The best comfort food is SOUP!

This is a perfect time of year for hot soup.  I like to make soup from the seasonal winter vegetables available now in our markets.  Asparagus soup is a favorite of mine and my clients and not only is it delicious, it is very healthy.  Here is my recipe for Asparagus Soup. The following recipe serves 8 but you can cut it in half easily.   Serve with crusty bread.

  
  • 3 pounds fresh asparagus, rinsed
  • 8 cups chicken stock
  • 4 tablespoons unsalted butter
  • 1 cup minced shallots
  • 1 cup minced leeks, whites only, well rinsed
  • 1 tablespoon minced garlic
  • 1/2 teaspoon salt
  • 1/4 teaspoon ground white pepper
  • 1/2 cup heavy cream (or fat free ½ & ½)

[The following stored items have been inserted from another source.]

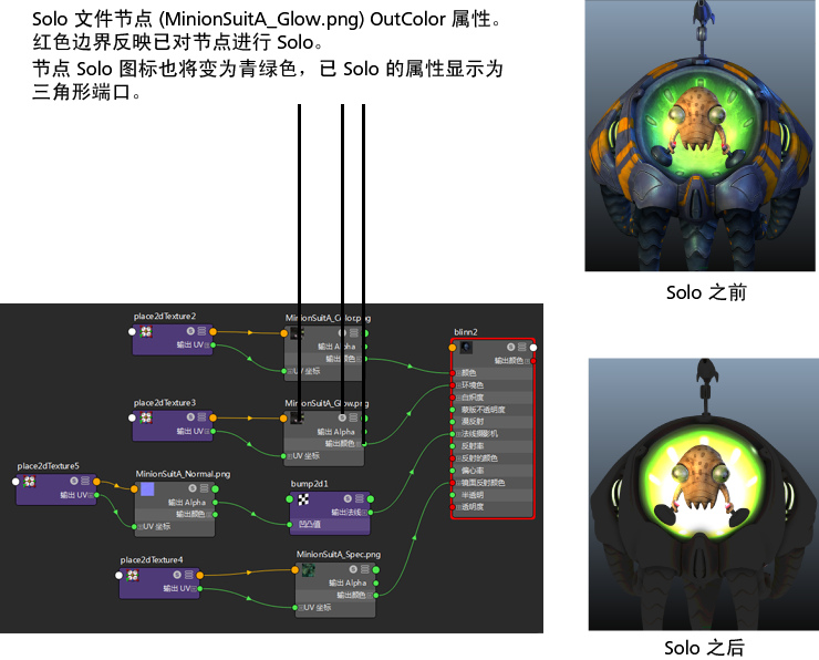 若要改进此工作流,请使用此功能来单放着色节点。单放 允许您预览特定节点输出属性的效果;即,图表上游部分的结果,作为该节点的输出属性的先导。通过单放节点,可查看其贡献,而无须修改您的着色图表,因此在复杂的着色网络中工作时可以轻松地识别问题。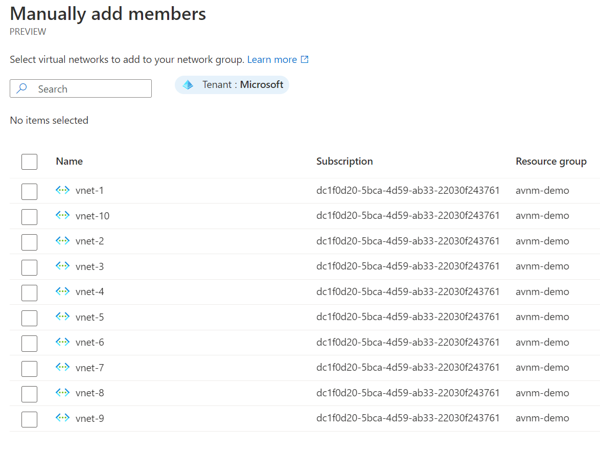 Once you've selected your virtual networks for the network group, you are finished. As you can see, statically assigning memberships is straightforward but may not provide you with true scalability and security, as you would need to monitor new virtual networks closely.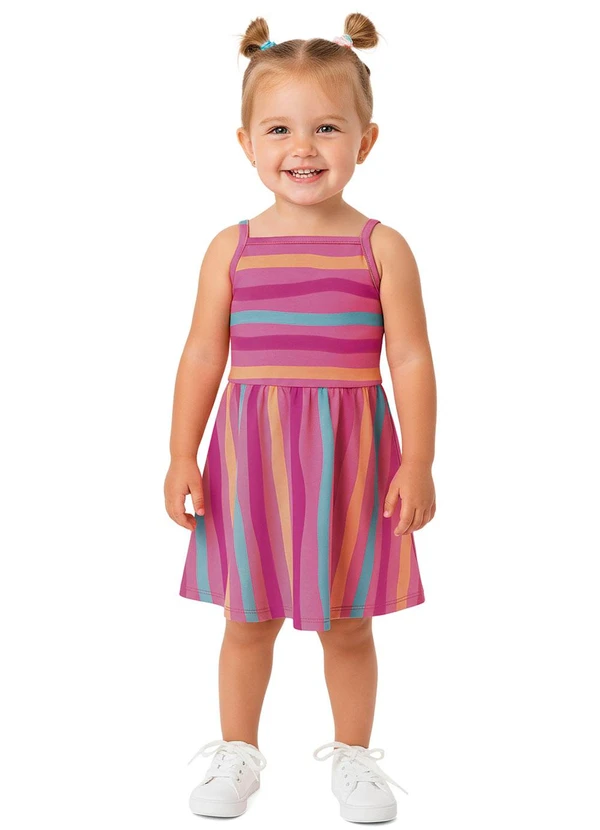 Malwee Kids - Vestido Godê Acinturado Listrado Rosa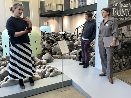 The cultural-philosophical and the art-historical context steps to the fore in the next exhibition room. Citations from the book Bunker Archaeology of French philosopher Paul Virilio published in 1975 cover the walls, next to them works by various artists. Given the present-day technology of war and military weapons, to Mühe, the assumption that bunkers can be protective spaces appears obsolete. Instead, he sees bunkers as documents of the devastating force of weaponry that can destroy any life, no matter how safe it may seem.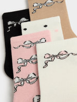 Step up your sock game with our Exact 5-pack socks featuring fun bow prints. Made from a cozy cotton blend, these socks are perfect for adding a pop of personality to any outfit. With a variety of designs in each pack, you'll always have a stylish option on hand. These socks are sure to keep your feet comfortable all day long.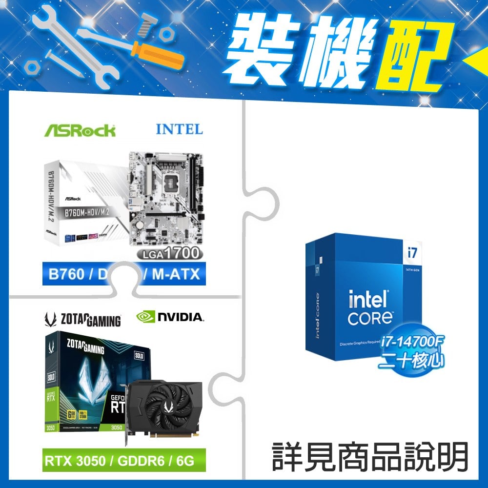☆裝機配★ i7-14700F+華擎 B760M-HDV D5 MATX主機板+ZOTAC RTX3050 6G GDDR6 Solo 顯示卡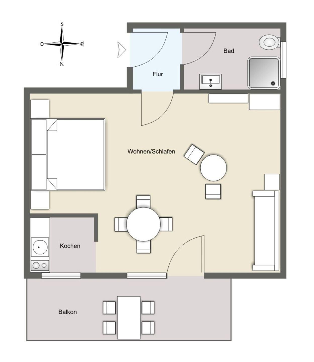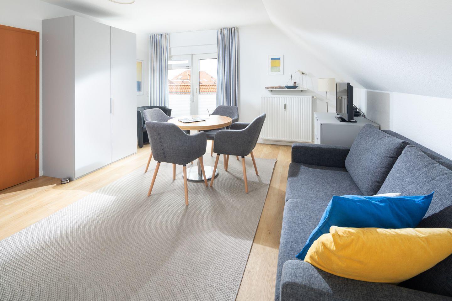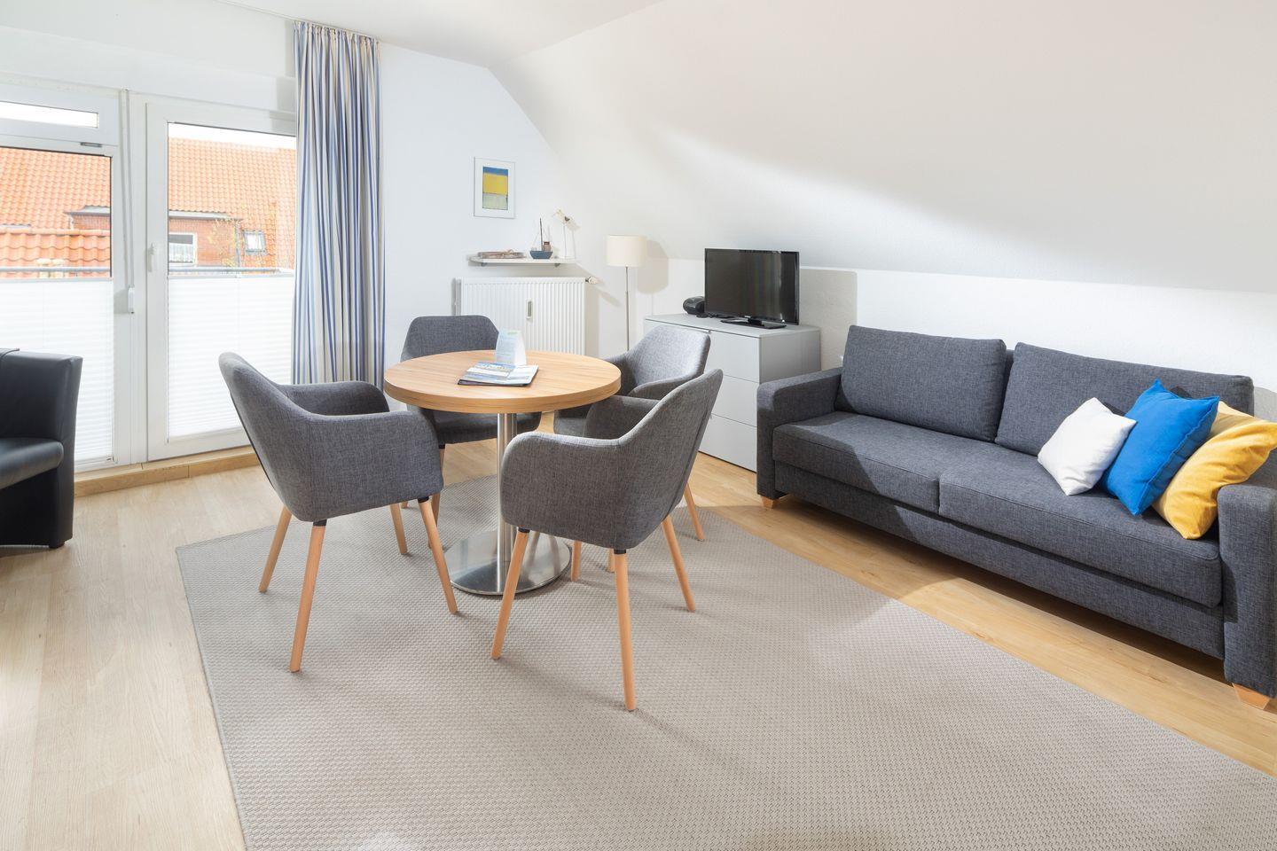 Modernes Appartement auf Juist mit Balkon und Nähe zum Strand, perfekt für Paare und Kleinfamilien.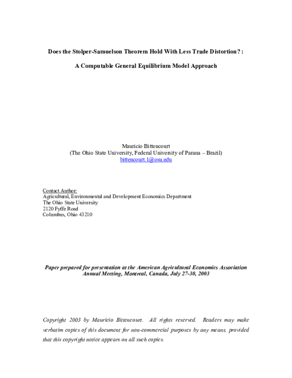 (PDF) A General Equilibrium Re-Appraisal of the Stolper–Samuelson Theorem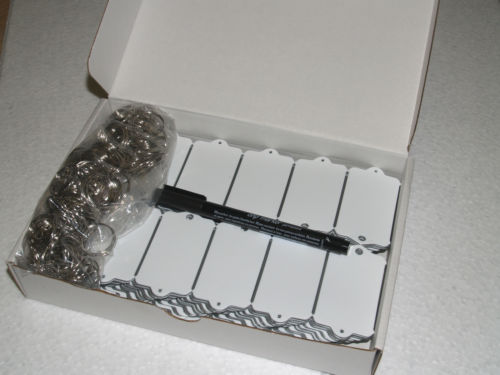 Every box of keytags is accompanied by steels ring for your convenience and a permanent marker is included for use on tags.
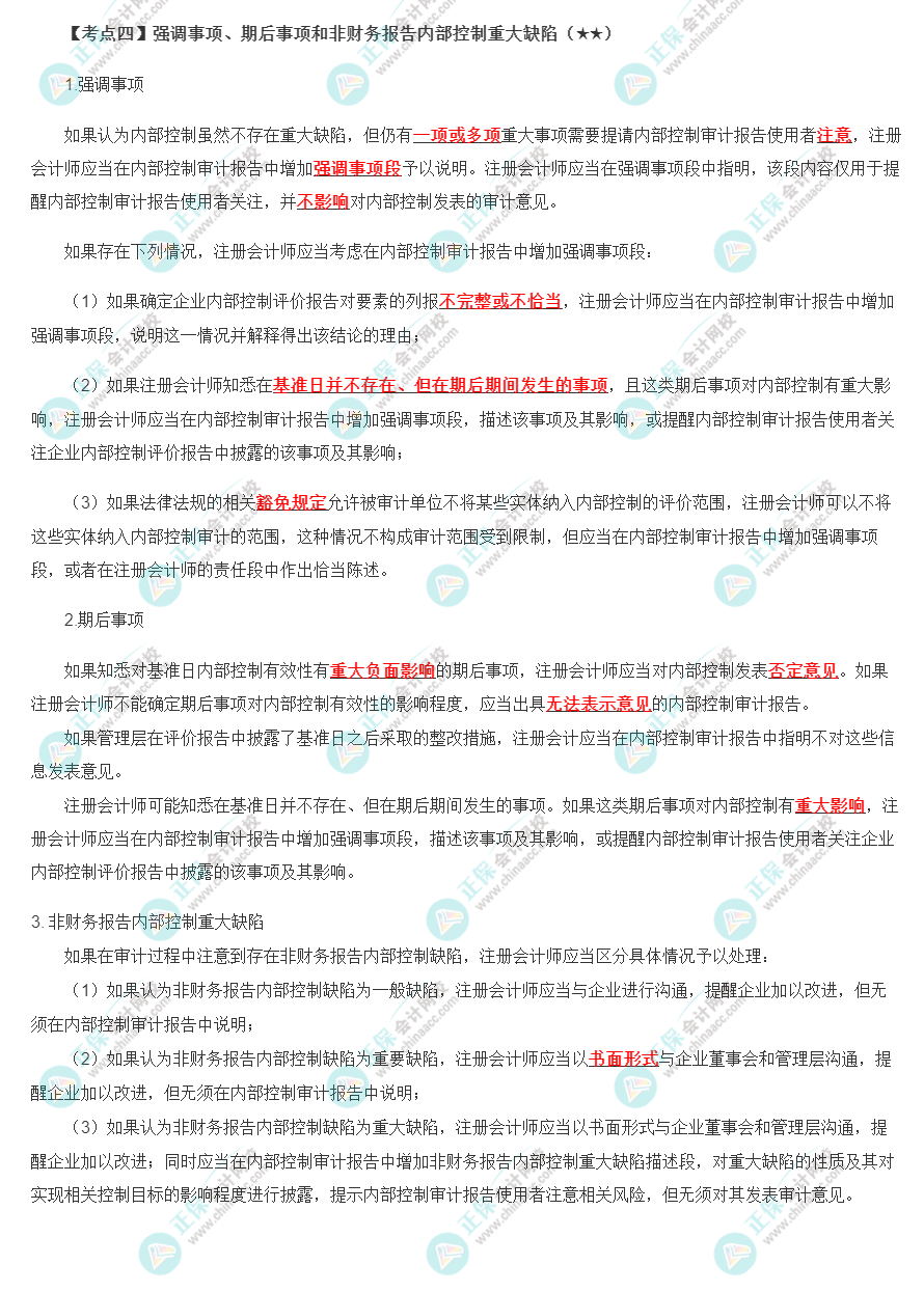 2022注会审计第二十章高频考点4:强调事项 期后事项 非财报内控重大缺陷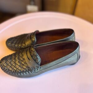 ROBERT ZUR Petra Woven Leather Driving Loafers Moccasin Shoe Womens 6.5 Pewter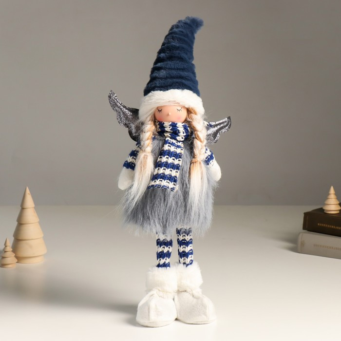 Кукла интерьерная текстильная «Ангелочек в серо-синем наряде, серебристые крылья»новинка -40%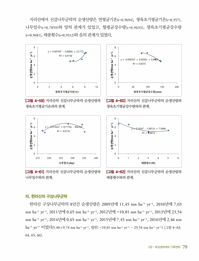 2장 육상생태계와 기후변화 79 지리산에서 신갈나무군락의 순생산량은 연평균기온 r=0.9694 , 생육초기평균기온 r=0.957 , 나무일수 r=0.7859 와 양의 관계가 있었고, 월평균강수량 r=0.9633 , 생육초기평균강수량 r =0.9681 , 태풍횟수 r=0.9312 와 음의 관계가 있었다. [그림 4-59] 지리산의 신갈나무군락의 순생산량과 생육초기평균기온과의 관계. [그림 4-60] 지리산의 신갈나무군락의 순생산량과 생육초기평균강수량과의 관계. [그림 4-61] 지리산의 신갈나무군락의 순생산량과 나무일수와의 관계. [그림 4-62] 지리산의 신갈나무군락의 순생산량과 태풍횟수와의 관계. 라. 한라산의 구상나무군락 한라산 구상나무군락의 8년간 순생산량은 2009년에 11.45 ton ha-1 yr...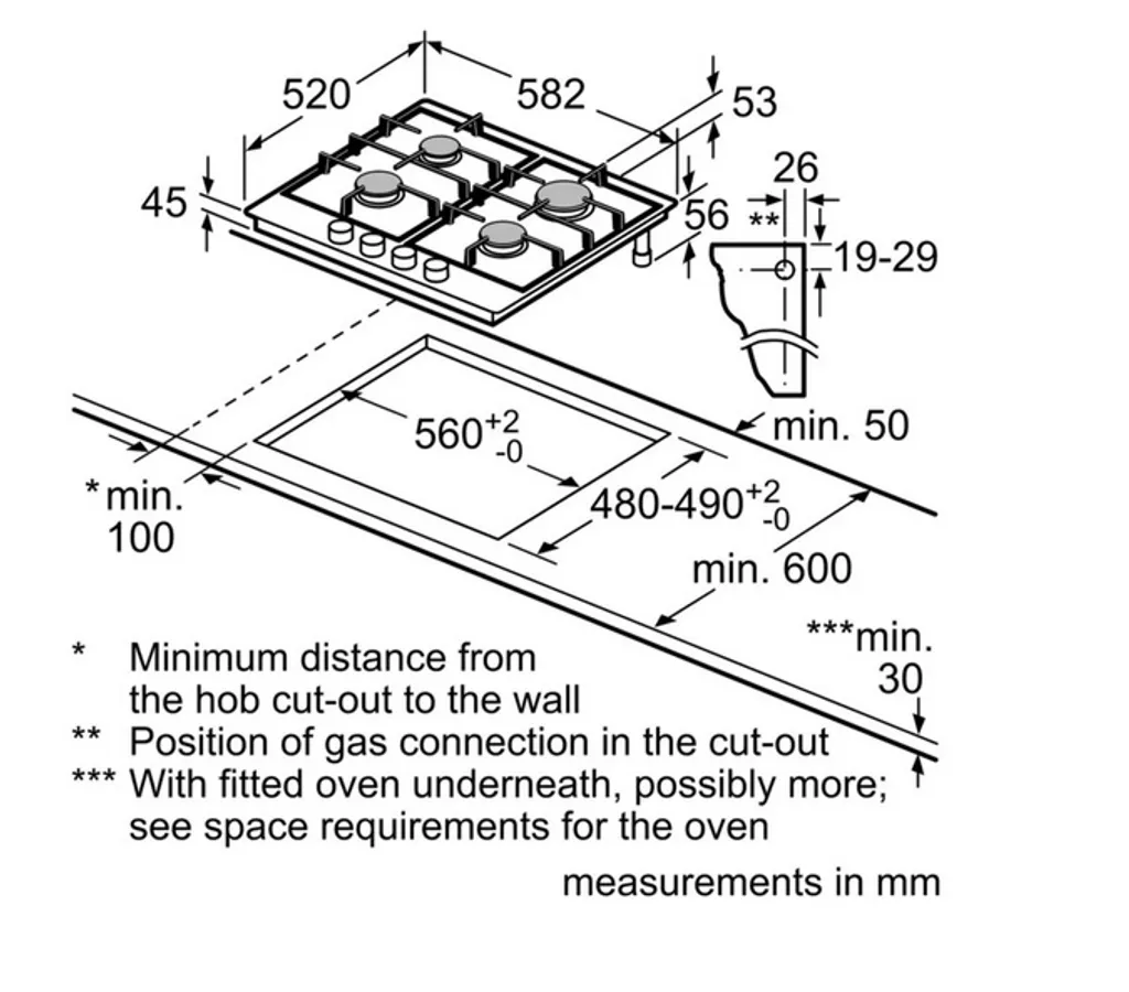 Maße des Kochfeld: 45 x 582 x 520 mm

Trim the attractive top tips from the asparagus, about 1 to 1 1/2 inches in length. Set aside. Cut the woody stem ends from each spear and reserve. Cut the remaining tender stalks into 1/2-inch pieces.
In a medium pot, bring the stock to a boil. Add the tough woody stems, lower the heat and simmer to infuse with asparagus flavor, 20 to 30 minutes. Remove with a slotted spoon and discard, reserving the stock.
Add the decorative tips to the stock and blanch until tender, 1 to 1 1/2 minutes. Remove with a strainer and refresh in an ice water bath. Drain on paper towels and reserve for the garnish. Reserve the stock.
In a medium stockpot, melt the butter over medium-high heat. When foamy, add the shallots and leeks and cook until tender, about 3 minutes. Add the garlic and cook until fragrant, about 1 minute. Add the chopped asparagus stalks, salt, and pepper, and cook, stirring, for 2 minutes. Add the reserved broth and simmer until the asparagus are very tender, 15 to 20 minutes. Remove from the heat.
With a hand-immersion blender (or in batches in a tradition upright blender or a food processor), puree the soup until smooth. Adjust the seasoning, to taste. If serving right away, return to medium heat and add the cream (or ½ and ½) and reserved asparagus tips. Cook, stirring, until the soup is warmed through, about 3 minutes. Do not overcook.
Alternatively, if serving the soup later, do not add the cream and let cool at room temperature (or in an ice water bath). Cover and refrigerate. Before serving, add the cream and asparagus tips, and warm the soup gently over medium heat, stirring occasionally.